## WHAT IS BEING ASKED
The expected output is the data below, character for character, without its pictures.

## COLLECTED MATERIAL
[Start of section]
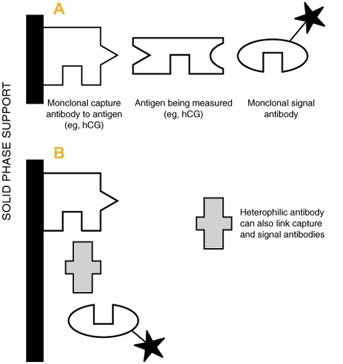 Monoclonal antibodies used in diagnostic assays are produced using animal cells, usually from mice. The Achilles heel of this apparently highly specific assay principle is that many individuals, possibly up to 40% of the general population, possess naturally occurring antibodies to animal immunoglobulins (eg, to mouse, rabbit, cow, rat, goat),3 termed heterophilic antibodies. If an individual with heterophilic antibodies against mouse immunoglobulins has a test by an immunoassay that uses mouse monoclonal antibodies, then the heterophilic antibodies can also form links between the capture and signal antibodies, generating a false-positive signal (Box 1), as occurred in the hCG cases. Another, increasingly important, cause of individuals having antibodies against mouse monoclonal antibodies occurs when antibodies are injected to image or treat tumours.
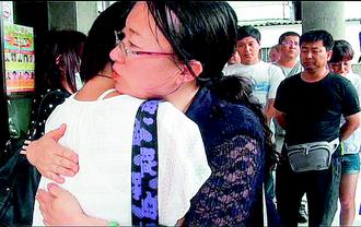 大陆领队叶云(拥抱者右)轻拥驾驶的女儿劝慰:“你要坚强、要照顾妈妈。”后面的团员都红了眼眶。图片来自台媒
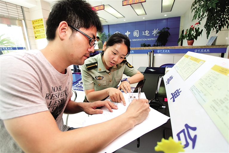 7月25日,江苏如皋边检站业务科实习学员黄迪(右)向办证人员介绍常用证件办理流程。 7月25日从公安部获悉,公安部于近期集中推出提高户口办理时效、推行网上预约办理出入境证件、实行机动车省内跨地市检验等16项便民利民措施,为广大群众提供更多更好服务。新华社发
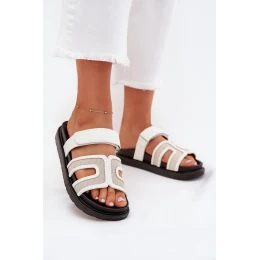 Dámské sandály vyrobené z kombinace ekokože a textilního materiálu. Umístěné na platformě. Pásek s suchým zipem umožňuje snadné přizpůsobení noze, zaručující pohodlí po celý den. Skvělé na letní dny, skvěle se hodí k volným stylizacím.
[End of section]
## TASK ANSWER
 Monoclonal antibodies used in diagnostic assays are produced using animal cells, usually from mice. The Achilles heel of this apparently highly specific assay principle is that many individuals, possibly up to 40% of the general population, possess naturally occurring antibodies to animal immunoglobulins (eg, to mouse, rabbit, cow, rat, goat),3 termed heterophilic antibodies. If an individual with heterophilic antibodies against mouse immunoglobulins has a test by an immunoassay that uses mouse monoclonal antibodies, then the heterophilic antibodies can also form links between the capture and signal antibodies, generating a false-positive signal (Box 1), as occurred in the hCG cases. Another, increasingly important, cause of individuals having antibodies against mouse monoclonal antibodies occurs when antibodies are injected to image or treat tumours.
 大陆领队叶云(拥抱者右)轻拥驾驶的女儿劝慰:“你要坚强、要照顾妈妈。”后面的团员都红了眼眶。图片来自台媒
 7月25日,江苏如皋边检站业务科实习学员黄迪(右)向办证人员介绍常用证件办理流程。 7月25日从公安部获悉,公安部于近期集中推出提高户口办理时效、推行网上预约办理出入境证件、实行机动车省内跨地市检验等16项便民利民措施,为广大群众提供更多更好服务。新华社发
 Dámské sandály vyrobené z kombinace ekokože a textilního materiálu. Umístěné na platformě. Pásek s suchým zipem umožňuje snadné přizpůsobení noze, zaručující pohodlí po celý den. Skvělé na letní dny, skvěle se hodí k volným stylizacím.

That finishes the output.